- **Exercise details**
After locating the line with "Front Grip BiPod" in the data that follows, return it and every later line exactly, up to and including the line with "San Valentino Per".

- **Data excerpts**
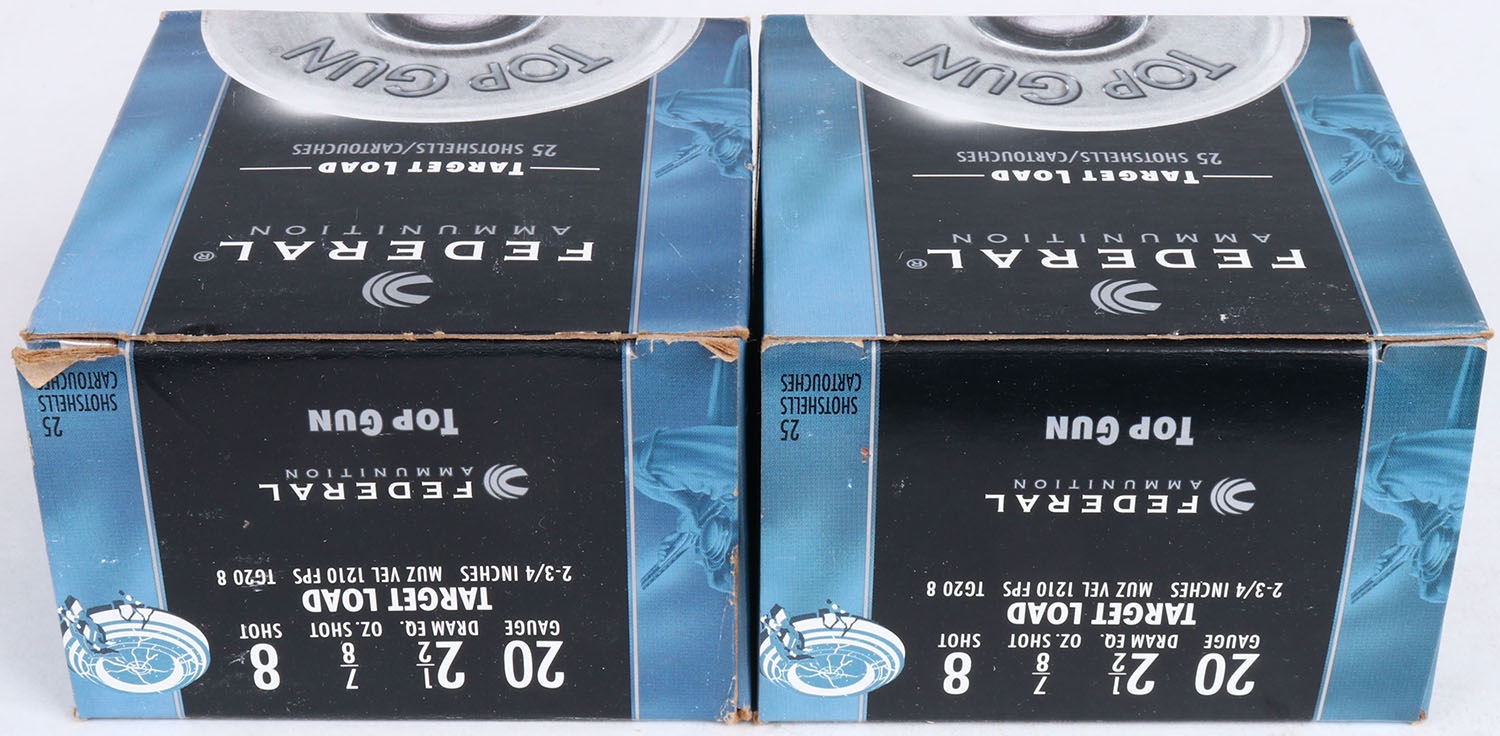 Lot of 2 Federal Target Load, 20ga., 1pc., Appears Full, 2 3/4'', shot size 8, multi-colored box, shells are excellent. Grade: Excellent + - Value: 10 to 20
* * *
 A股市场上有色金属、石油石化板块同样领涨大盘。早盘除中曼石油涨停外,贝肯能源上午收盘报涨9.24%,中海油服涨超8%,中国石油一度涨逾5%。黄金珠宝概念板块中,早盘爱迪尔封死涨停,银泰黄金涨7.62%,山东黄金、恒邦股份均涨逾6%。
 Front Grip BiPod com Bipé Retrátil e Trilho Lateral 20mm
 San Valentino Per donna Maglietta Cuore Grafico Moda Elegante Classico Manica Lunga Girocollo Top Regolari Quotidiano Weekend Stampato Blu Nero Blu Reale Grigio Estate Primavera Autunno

- **Response for this exercise**
 Front Grip BiPod com Bipé Retrátil e Trilho Lateral 20mm
 San Valentino Per donna Maglietta Cuore Grafico Moda Elegante Classico Manica Lunga Girocollo Top Regolari Quotidiano Weekend Stampato Blu Nero Blu Reale Grigio Estate Primavera Autunno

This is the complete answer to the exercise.